◆ **TASK DETAILS**: Below is a listing. Return the lines from the one that contains "objects within an" to the one that contains "The Nifty Festival", both ends included, verbatim and with no pictures.

◆ **AVAILABLE DATA**:

——————————

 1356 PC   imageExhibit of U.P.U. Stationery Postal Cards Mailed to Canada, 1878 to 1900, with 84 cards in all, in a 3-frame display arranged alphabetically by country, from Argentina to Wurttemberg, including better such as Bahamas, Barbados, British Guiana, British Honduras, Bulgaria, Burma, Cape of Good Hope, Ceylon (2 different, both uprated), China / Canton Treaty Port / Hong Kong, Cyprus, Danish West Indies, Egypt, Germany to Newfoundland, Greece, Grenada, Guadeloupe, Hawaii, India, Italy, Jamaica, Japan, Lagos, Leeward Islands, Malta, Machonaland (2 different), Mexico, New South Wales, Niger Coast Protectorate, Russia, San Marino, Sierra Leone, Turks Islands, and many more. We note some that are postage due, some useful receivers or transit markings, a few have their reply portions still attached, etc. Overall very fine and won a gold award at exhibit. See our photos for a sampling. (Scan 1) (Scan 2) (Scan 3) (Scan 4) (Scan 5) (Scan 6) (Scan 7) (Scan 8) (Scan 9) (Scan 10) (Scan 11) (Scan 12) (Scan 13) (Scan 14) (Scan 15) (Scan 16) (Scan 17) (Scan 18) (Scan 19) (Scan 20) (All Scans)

——————————

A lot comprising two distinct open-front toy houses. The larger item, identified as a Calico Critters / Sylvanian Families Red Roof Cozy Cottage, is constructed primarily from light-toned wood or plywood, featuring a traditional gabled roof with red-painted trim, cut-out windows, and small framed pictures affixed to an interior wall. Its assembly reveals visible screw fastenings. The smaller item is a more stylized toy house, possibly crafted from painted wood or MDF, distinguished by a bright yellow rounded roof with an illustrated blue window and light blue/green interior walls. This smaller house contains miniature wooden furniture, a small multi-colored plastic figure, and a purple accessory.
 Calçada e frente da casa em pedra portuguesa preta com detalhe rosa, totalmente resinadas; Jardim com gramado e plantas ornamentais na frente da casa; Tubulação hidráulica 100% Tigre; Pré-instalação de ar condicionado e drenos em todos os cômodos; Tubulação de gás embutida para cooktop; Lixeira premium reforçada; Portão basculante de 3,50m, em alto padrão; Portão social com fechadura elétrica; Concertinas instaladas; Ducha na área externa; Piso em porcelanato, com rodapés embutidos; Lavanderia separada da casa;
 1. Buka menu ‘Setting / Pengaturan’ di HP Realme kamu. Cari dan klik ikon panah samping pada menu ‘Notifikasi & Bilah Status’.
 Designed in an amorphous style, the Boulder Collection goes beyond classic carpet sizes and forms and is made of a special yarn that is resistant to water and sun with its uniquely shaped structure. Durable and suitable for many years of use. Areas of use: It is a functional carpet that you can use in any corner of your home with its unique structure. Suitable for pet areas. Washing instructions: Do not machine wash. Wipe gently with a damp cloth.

——————————

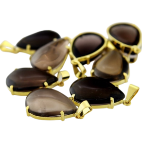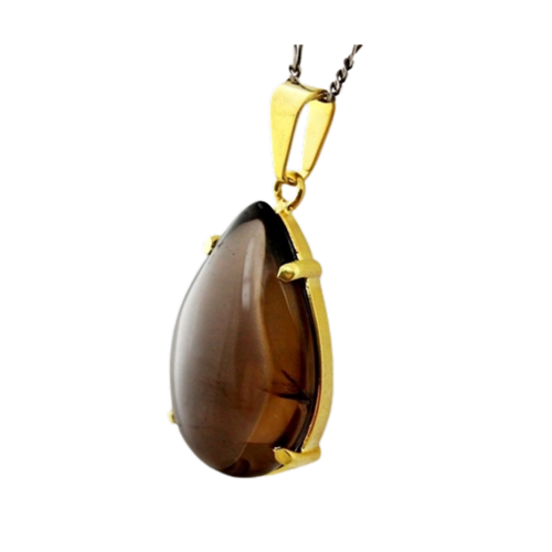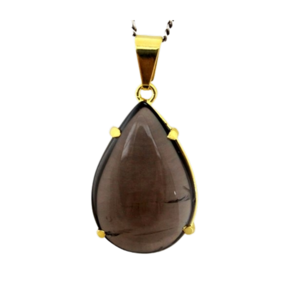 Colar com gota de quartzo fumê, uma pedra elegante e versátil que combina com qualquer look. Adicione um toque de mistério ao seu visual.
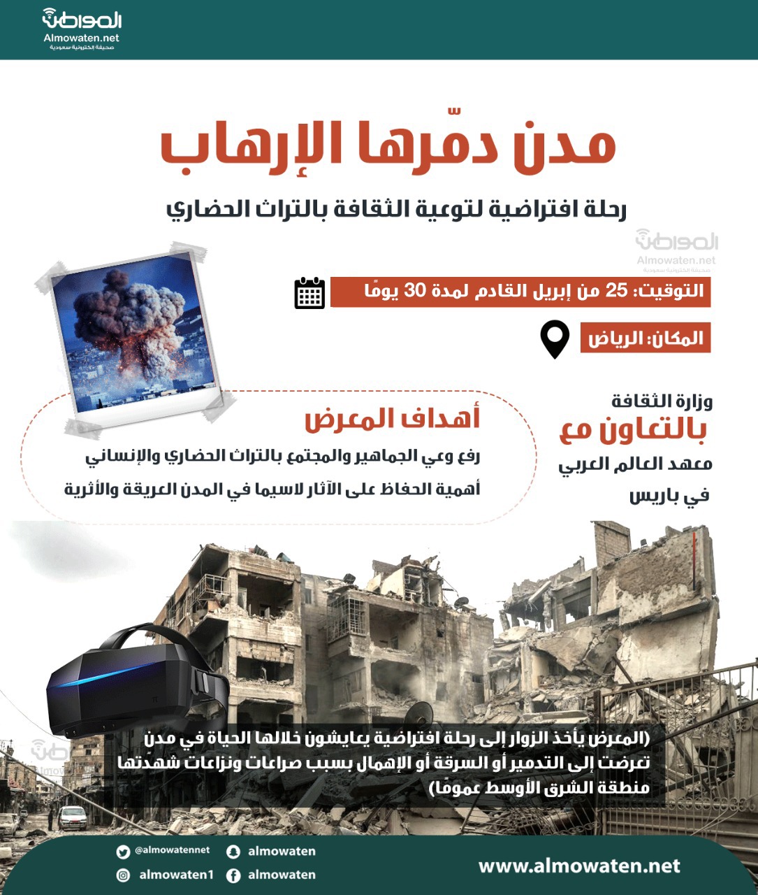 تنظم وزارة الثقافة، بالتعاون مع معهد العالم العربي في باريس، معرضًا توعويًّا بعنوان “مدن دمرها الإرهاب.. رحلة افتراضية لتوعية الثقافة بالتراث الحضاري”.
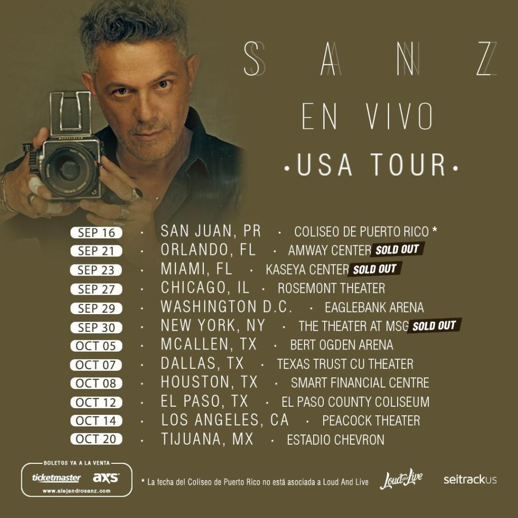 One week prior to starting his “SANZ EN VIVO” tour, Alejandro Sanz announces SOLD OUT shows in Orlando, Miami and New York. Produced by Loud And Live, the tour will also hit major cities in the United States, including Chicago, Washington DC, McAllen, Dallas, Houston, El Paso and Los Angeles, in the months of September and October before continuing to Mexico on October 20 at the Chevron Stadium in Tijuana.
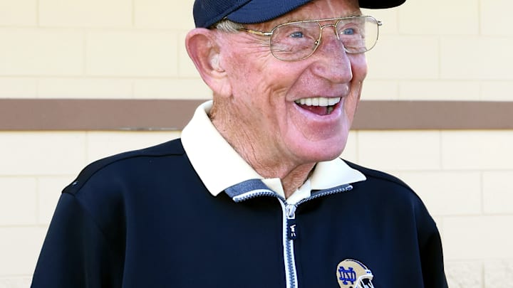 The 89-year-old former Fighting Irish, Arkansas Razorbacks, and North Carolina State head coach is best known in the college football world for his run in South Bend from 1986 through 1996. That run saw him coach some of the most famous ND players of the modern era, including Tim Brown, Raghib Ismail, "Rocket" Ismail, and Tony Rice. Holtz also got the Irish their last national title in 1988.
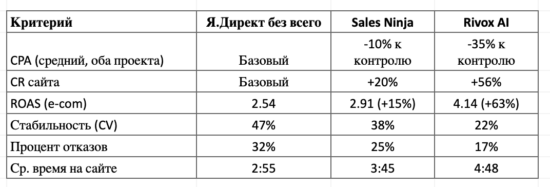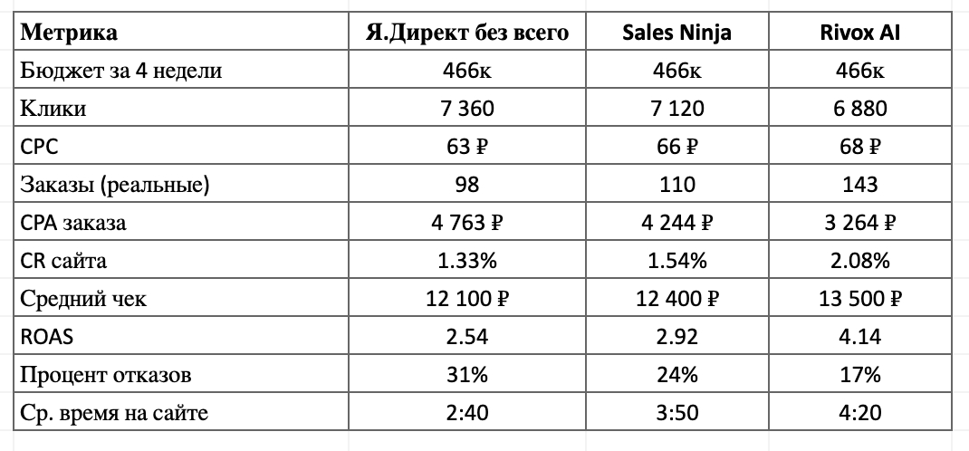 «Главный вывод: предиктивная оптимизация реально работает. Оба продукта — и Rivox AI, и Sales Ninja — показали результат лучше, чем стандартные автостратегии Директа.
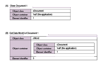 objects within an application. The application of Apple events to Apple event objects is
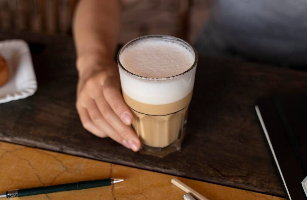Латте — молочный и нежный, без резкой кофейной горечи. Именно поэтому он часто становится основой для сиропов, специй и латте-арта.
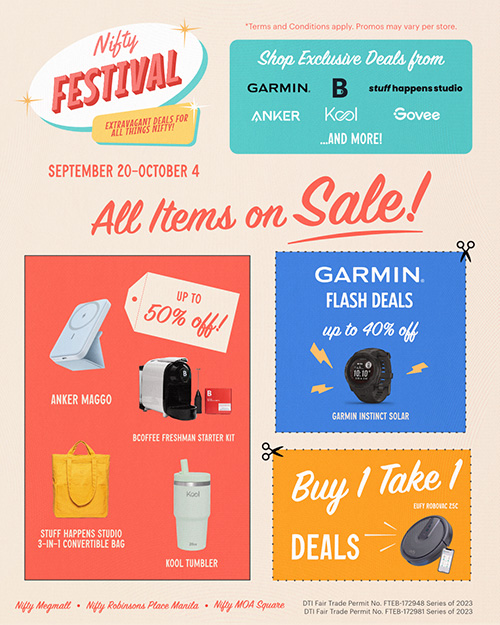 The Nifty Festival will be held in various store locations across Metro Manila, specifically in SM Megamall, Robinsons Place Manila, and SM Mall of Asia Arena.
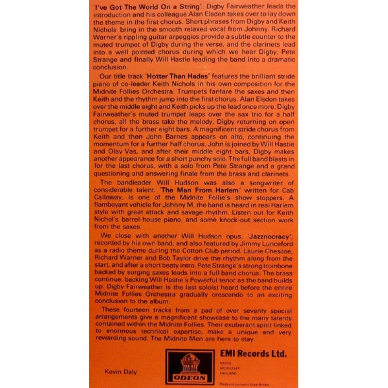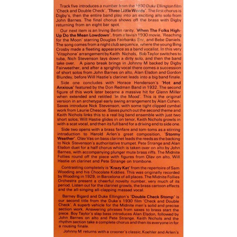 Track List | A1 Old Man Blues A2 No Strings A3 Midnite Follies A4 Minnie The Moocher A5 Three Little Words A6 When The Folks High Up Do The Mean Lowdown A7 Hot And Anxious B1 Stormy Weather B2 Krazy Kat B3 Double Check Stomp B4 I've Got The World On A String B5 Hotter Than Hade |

——————————

◆ **REPLY**:
 objects within an application. The application of Apple events to Apple event objects is
Латте — молочный и нежный, без резкой кофейной горечи. Именно поэтому он часто становится основой для сиропов, специй и латте-арта.
 The Nifty Festival will be held in various store locations across Metro Manila, specifically in SM Megamall, Robinsons Place Manila, and SM Mall of Asia Arena.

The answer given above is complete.